Nerviosa, expulsó las imágenes de su cabeza. No le quería desear. Era un sentimiento inapropiado y, sobre todo, inútil, porque no tenía ninguna posibilidad de despertar el deseo de un hombre excepcional.
Evandro se sirvió un coñac, se recostó en el sillón y entrecerró los ojos, que clavó en el lugar donde Jenna había estado sentada.
Creía ser invisible.
Todo lo contrario que Berenice, tan llamativa y vanidosa como un pavo real, una narcisista compulsiva que exigía que todo el mundo la deseara, cediera a sus caprichos y cayera bajo su malevolente hechizo. Bajo el hechizo que había destrozado todo lo que había tenido él de príncipe azul.
Alcanzó su copa, estiró sus largas piernas y se puso a pensar en la conversación sobre los personajes de los cuentos. Amelie había dicho algo interesante cuando él comentó que los hechizos se podían romper: que los rompían las hadas buenas.
¿Pero existían las hadas?
Durante los minutos siguientes, se dedicó a disfrutar del coñac entre reflexiones sobre mitos, leyendas, cuentos y folclore. Y entonces, se acordó de otro comentario, el que había hecho él a la profesora de Amelie cuando se la encontró plantada en mitad de la carretera: que parecía un duende de los bosques.
Al recordarlo, frunció el ceño. Se había jugado la vida por salvar a un desconocido, pero no le había importado.

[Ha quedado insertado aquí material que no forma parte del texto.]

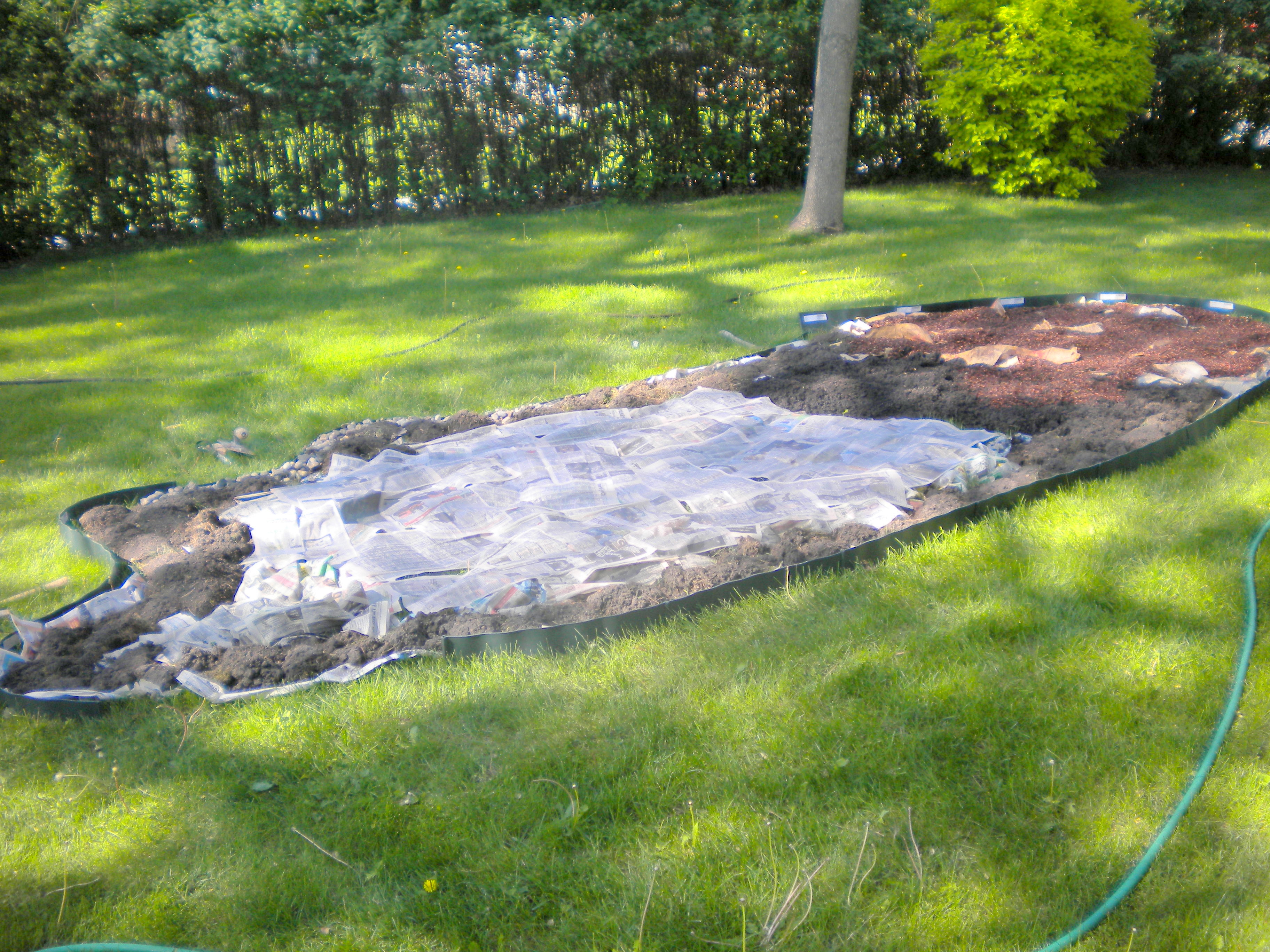 It entails positioning the new bed with a garden hose, curving and snaking the lines until it looks just right. Plopping down newspaper, five to ten sheets thick, watering, covering with topsoil and compost – 4 to 6 inches preferably, and covering it all with mulch – 3 to 4 inches.

Y tampoco había dudado en enfrentarse a él para decirle lo que debía hacer con su hija.
Pero ahora conocía el motivo. Ahora sabía por qué se había mostrado tan vehemente al respecto. Se lo había confesado ella misma al hablarle de su infancia.
Jenna Ayrton se sentía invisible.
Y era normal que se sintiera así.
No había nada en ella que llamara la atención, ni un solo detalle externo que pudiera despertar su interés.
Calzado sin tacón y vestidos sosos que no hacían nada por realzar su figura. Una cara bonita, pero sin el énfasis del maquillaje. Y, para empeorar las cosas, una melena de pelo castaño normal y corriente que, encima, se recogía con moños.
Cualquiera se habría dado cuenta de que hacía todo lo posible por pasar desapercibida. No es que se sintiera invisible; es que quería serlo.
Volvió a alcanzar la copa, echó otro trago y, mientras lo saboreaba, pensó que había algo muy atractivo bajo su apariencia gris. Estaba en su forma de hablar y en su forma de responder. Estaba en sus claros ojos de color avellana.
Había algo que…
¿Qué?
Evandro dejó la pregunta en el aire, sin contestar.